— DIRECTIONS FOR THIS TASK —
Write out the entire listing below exactly as it appears, minus any pictures.

— SUPPLIED MATERIAL —
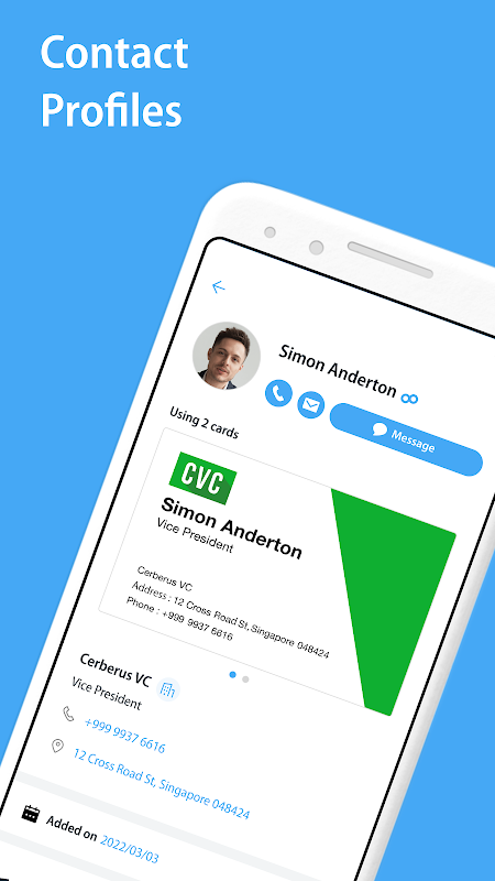 تعد Eight أيضًا شبكة احترافية قوية تتيح لك التواصل مع مستخدمي التطبيق الآخرين وتوسيع فرص حياتك المهنية. يؤدي مسح بطاقتك تلقائيًا إلى إنشاء ملف تعريف Eight الخاص بك. يمكنك بعد ذلك عرض مهاراتك وتوسيع فرصك المهنية ومشاركة الأخبار والتحديثات مع شبكة Eight الخاصة بك والعثور على فرص العمل والبحث عن المواهب.
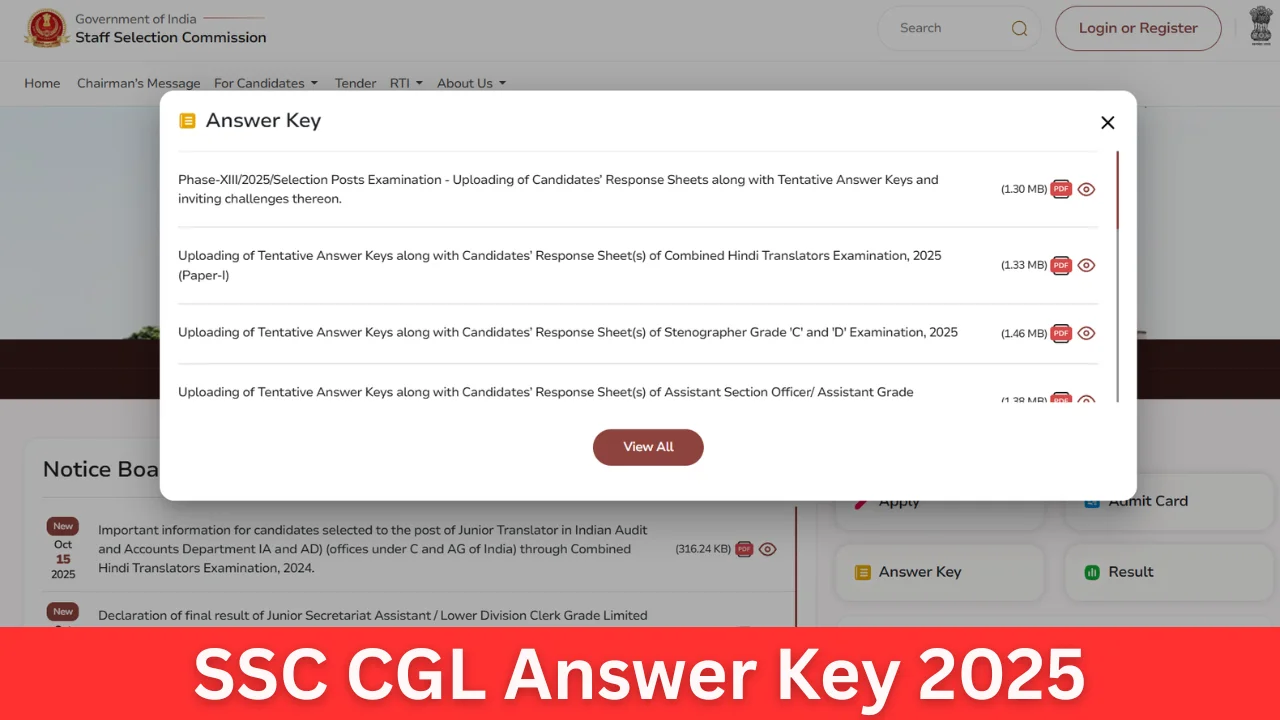 SSC CGL Answer Key 2025 Out Today : Download Official Response Sheet at ssc.gov.in
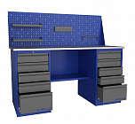 Двухтумбовый. Допустимая нагрузка на столешницу 1000 кг. Опорные элементы выполнены сварными из холоднокатаной стали. Для выполнения сборочных, ремонтных, слесарных, монтажных и других видов работ на производстве, в сервисных центрах, мастерских, гаражах, а также для обучения технологии в учебных заведениях. Комплектуется полкой-стенкой, расположенной под столешницей для удобного размещения габаритного инструмента и оснастки. Размеры верстака: 855x1596x696 мм. Вес: 98 кг. Поставляется в 4 комплектациях на выбор.

— EXERCISE RESPONSE —
 تعد Eight أيضًا شبكة احترافية قوية تتيح لك التواصل مع مستخدمي التطبيق الآخرين وتوسيع فرص حياتك المهنية. يؤدي مسح بطاقتك تلقائيًا إلى إنشاء ملف تعريف Eight الخاص بك. يمكنك بعد ذلك عرض مهاراتك وتوسيع فرصك المهنية ومشاركة الأخبار والتحديثات مع شبكة Eight الخاصة بك والعثور على فرص العمل والبحث عن المواهب.
 SSC CGL Answer Key 2025 Out Today : Download Official Response Sheet at ssc.gov.in
 Двухтумбовый. Допустимая нагрузка на столешницу 1000 кг. Опорные элементы выполнены сварными из холоднокатаной стали. Для выполнения сборочных, ремонтных, слесарных, монтажных и других видов работ на производстве, в сервисных центрах, мастерских, гаражах, а также для обучения технологии в учебных заведениях. Комплектуется полкой-стенкой, расположенной под столешницей для удобного размещения габаритного инструмента и оснастки. Размеры верстака: 855x1596x696 мм. Вес: 98 кг. Поставляется в 4 комплектациях на выбор.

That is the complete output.